--- Task ---
For the records below, copy exactly the span that begins at the line containing "Woningen aan de Rijksweg — Foto Verschoore." and stops after the line containing "Středočeské derby přilákalo mnoho diváků.", minus any pictures.

++++ Given data ++++

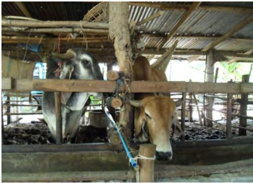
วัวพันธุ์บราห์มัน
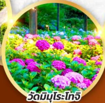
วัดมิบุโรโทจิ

++++
++++ Given data ++++

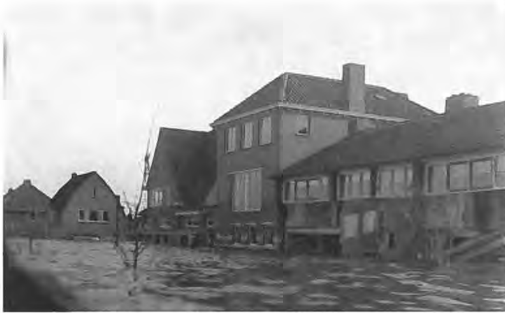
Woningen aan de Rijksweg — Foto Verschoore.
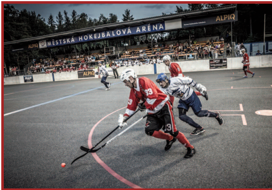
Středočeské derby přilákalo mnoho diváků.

++++
++++ Given data ++++

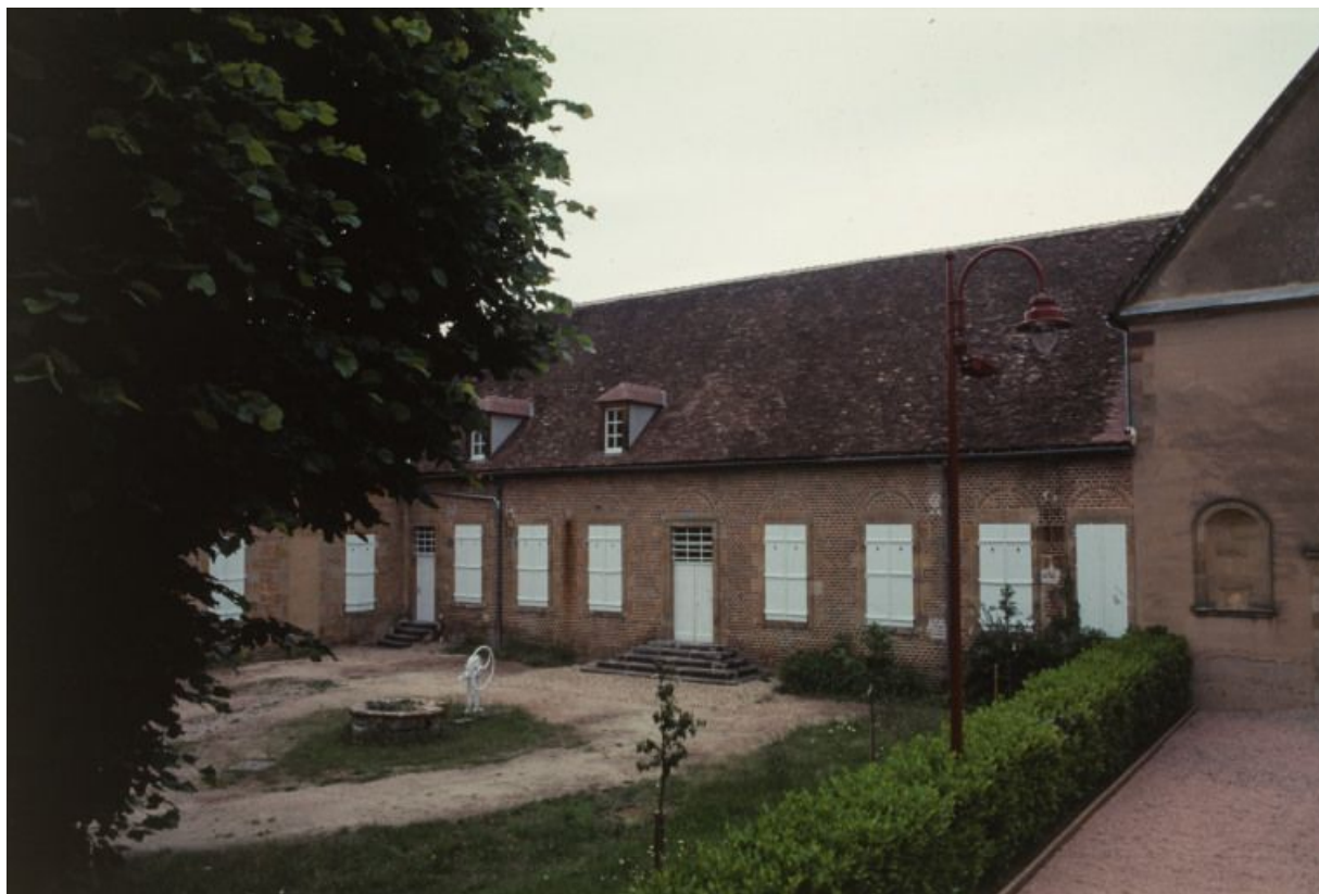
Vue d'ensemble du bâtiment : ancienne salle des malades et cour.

++++

--- Reply ---
Woningen aan de Rijksweg — Foto Verschoore.
Středočeské derby přilákalo mnoho diváků.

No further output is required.